The Palacete del Embarcadero in Santander, Spain hosts Cantabrian artist Okuda San Miguel in a solo exhibition titled Palace of the holy animals. The installations of large and small scale on public display inside and outside the port space are curated as an homage to the roots of artist. Okuda began as a graffiti artist in Santander, his hometown, and over the years his work has evolved into a new and unique style critics are calling Pop Surrealism.
The Madrid based artist moved there in 2000 to complete his Bachelors of Fine Arts from Complutense University of Madrid. But before he relocated to begin his studies his colorful art works were already scattered about Santander on abandoned buildings and factories as graffiti.
His first works combined geometric structures and multi-colored prints with gray bodies and organic forms in pieced together abstract fashion. The pure color and essence of animation in his work is reminiscent of the original urban street artists from the United States in the 1980s.

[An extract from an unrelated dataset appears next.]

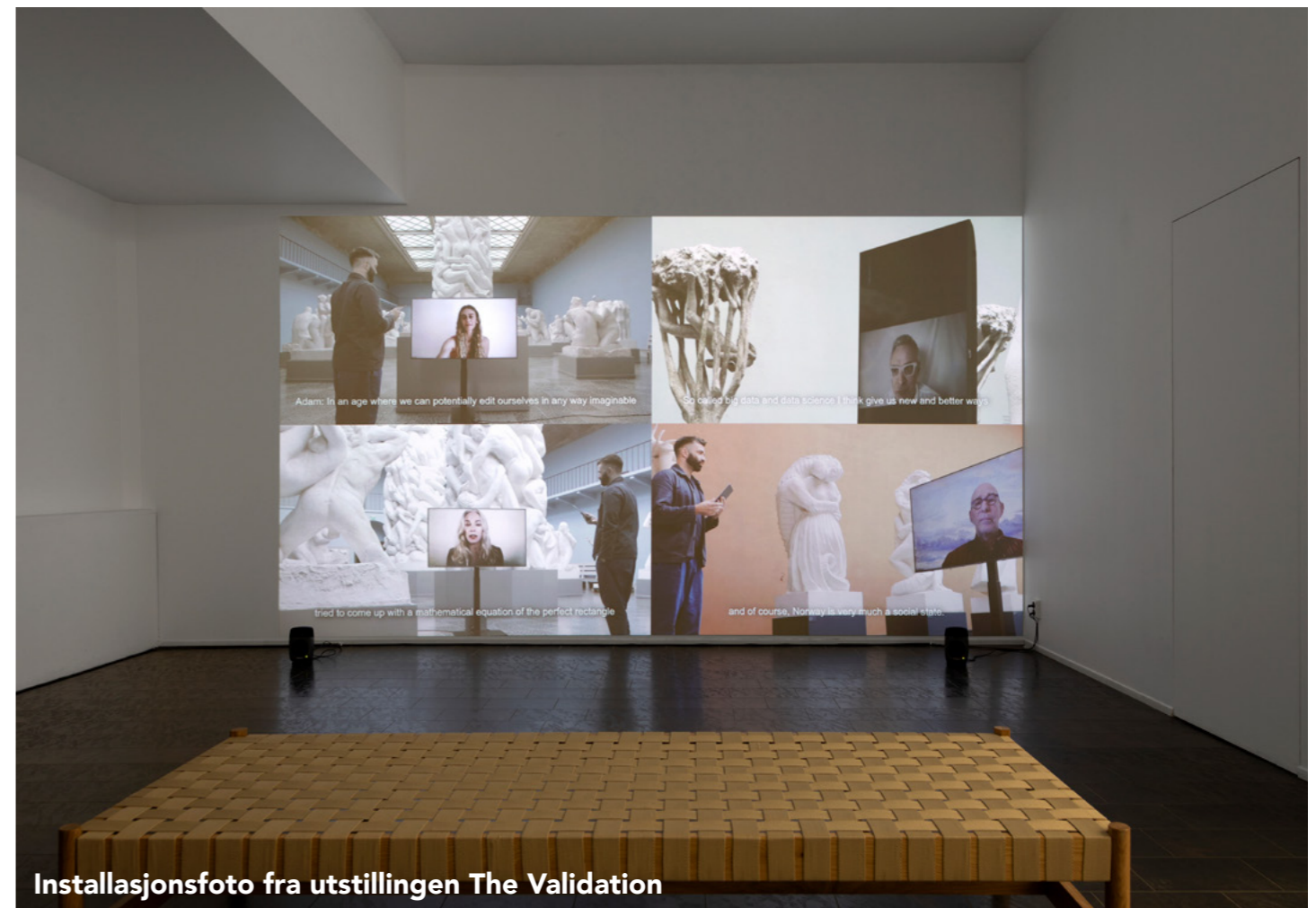
Installasjonsfoto fra utstillingen The Validation

In his new solo exhibition, Palace of the holy animals, multicolored geometric architectures merge with organic forms including bodies without gender identity and animals without heads combined to create conflicting symbols that incite reflection and imply a deeper spiritual mean.
The works raise contradictions about existentialism, the universe, the infinite, the meaning of life, the false freedom of capitalism, and show a clear conflict between modernity and our roots; in short, between the human being and themselves.
The installation can be seen in the Palacete del Embarcadero of Santander now until January 7, 2018.